Its about liability; the number one cause of fatalities in agriculture is electrocution. I don't know of any line clearance contracts that do not require certification. Every one my company has ever bid required all your line trimmers be certified. Without certification, or without receiving documented training from an experienced line trimmer you are not " qualified" by OSHA standards. The result being you have no business being within 10 feet of a primary, even if it is just a private job. We Use to work for Boston Edison, Mass Electric, and a few municipal light departments. Now we are down to one line clearance contract in our home town. Asplundh had the rates SO low in our area there is very little money in it any more, and you have to own so many rigs no more then 6 years old, just to be a qualified bidder. There is much more money in the private work. If you do go in that direction, you will need certified employees, on the books at your states prevailing wages for line trimmers and groundman.


----------



## diltree (Jul 11, 2005)

In addition, our employees are certified through the ACRT, but the ISA does certification as well now. The only catch is you have to be a certified arborist to take the ISA test, this is not the case with the ACRT. The ACRT's program, is actually hands on not a written test like the ISA. The hands on seminar is much better in my opinion, cause knowing what your doing will save your life, line clearance is no joke.


----------



## Tom Dunlap (Jul 11, 2005)

There will be two EHAP trainings in Portsmouth, NH at the end of August. One is penciled in Atlanta at the end of September, nothing firm yet. Another is hoped for on our western islands to  Any word Leon?
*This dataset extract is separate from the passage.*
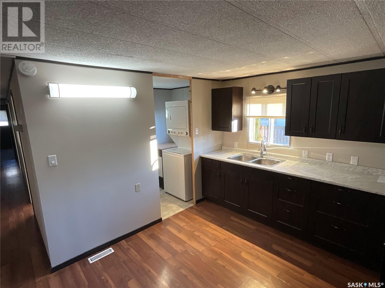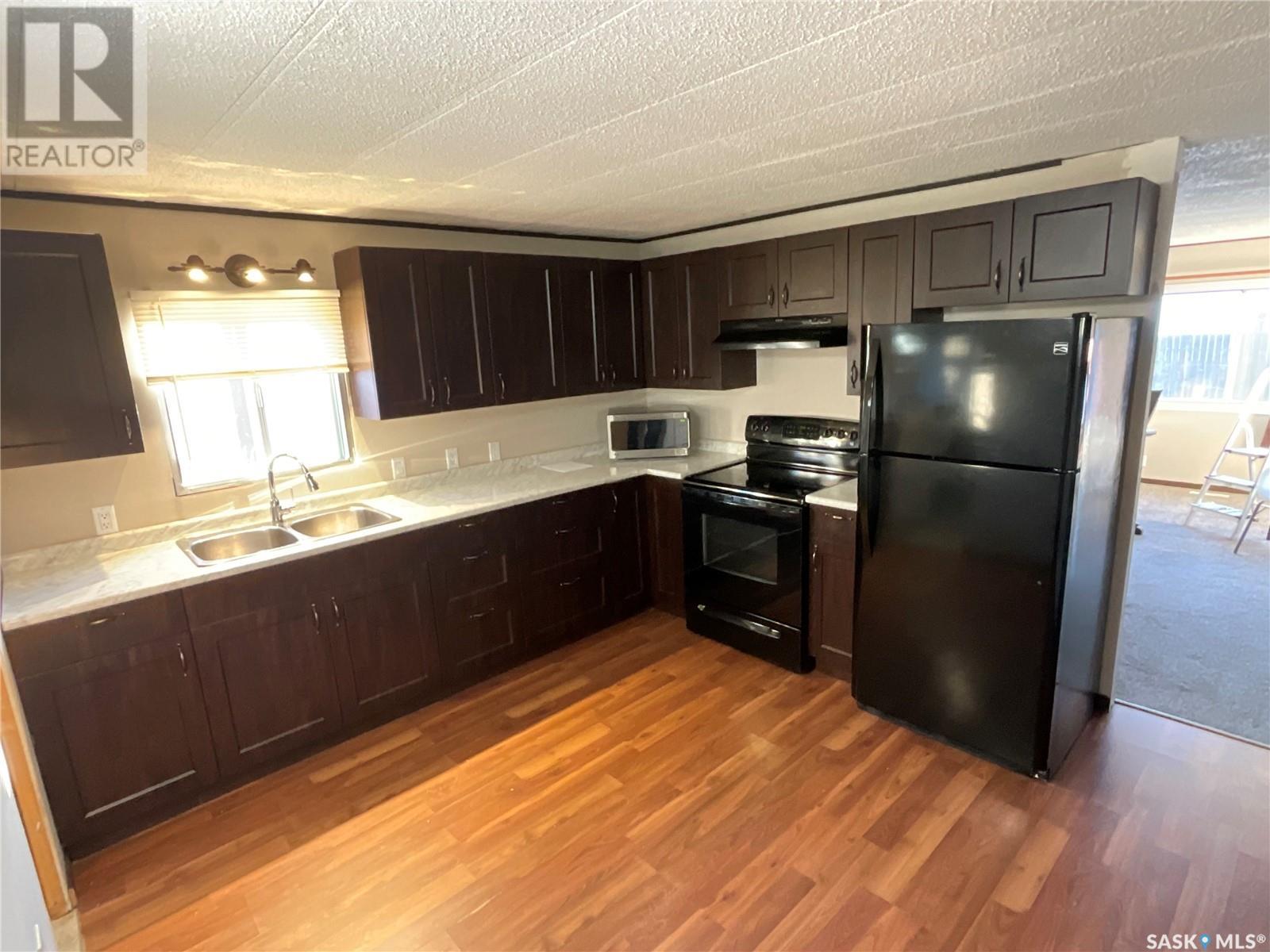 This tidy well kept mobile home sits on a 40' x 90' rented lot. There's a double asphalt/gravel drive and generous lawn spaces, with a nice covered deck in the backyard. It has a low maintenance exterior of vinyl siding and aluminium trim. Inside you'll find an open and functional floor plan with large windows allowing plenty of natural light. The spacious living room is open to the kitchen which offers plenty of cupboard and counter space. Down the hall you'll find three bedrooms, and a full four-piece bathroom. The laundry room is located off of the kitchen. The existing appliances are included. (id:22211)

Certification means many things. The best way to know exactly what is required is to ask the utility that you're bidding from. There are many definitions so make sure you have the right paperwork.


----------



## NebClimber (Jul 11, 2005)

I have already completed an EHAP through the TCIA. Some contracts for smaller towns in this area have been awarded to outfits with absolutely no training in electrical clearance and little experience in tree trimming. No certification from any authority on either clearance or general tree work. When I heard as much I did not believe it to be true. But it is. I enlisted in the EHAP simply to aid in my private work. After the program I was confused as to what it meant to be "certified" in the field, and what it meant to be "qualified". I conclude that a utility is free let a contract for clearance to anyone whatsoever (it may choose to impose stipulations), but OSHA guidelines dictate safe work practices. And that's about all there is to it.

Sound about right?


----------



## Tree Wizard (Jul 11, 2005)

Being an ISA Certified Arborist / Utility Specialist does not make you a qualified line clearance trimmer. Although a qualified line clearance trimmer can certainly become an ISA Certified Arborist / Utility Specialist.

OSHA speaks of only qualified line clearance trimmers being able to get closer than 10' to electrical conductors. The ANSI Z133 has definitions of what qualified line clearance trimmers and qualified line clearance trimmer trainees are.


----------



## diltree (Jul 11, 2005)

If what you say is true, things are pretty messed up in your state. There is not one Line clearance contract in mass that does not require some sort of certification to work around " their wires". A. you could kill yourself if you don't know what your doing, resulting in OSHA investigation. B. You could burn the wires down, resulting in a lost of income for the utility, that pre-buys their electricity, which counters the whole purpose of providing clearance. Are you sure you are reading the contracts closely enough, maybe the town manager who usually awards the contracts in small towns, is letting it slip, and all you have to do is speak up to have the low bid thrown out.


----------



## NebClimber (Jul 11, 2005)

diltree:

You hit the plan on the head. I want to become qualified to work around power lines to meet OSHA standards. Certification from some authority would carry some weight in demonstrating such qualification to a contracting utility. Then I would point out to the utility the exact expectations of OSHA and how my company plans to meet compliance. The potential liability - or plain foolishness - in hiring unqualified contractors would then become glaringly evident to the utility. Hopefully, the end result being my acquisition of the contract. But this is a few years away. I am just starting to set the table.


----------



## matthias (Jul 11, 2005)

Tree Wizard said:


> Being an ISA Certified Arborist / Utility Specialist does not make you a qualified line clearance trimmer. Although a qualified line clearance trimmer can certainly become an ISA Certified Arborist / Utility Specialist.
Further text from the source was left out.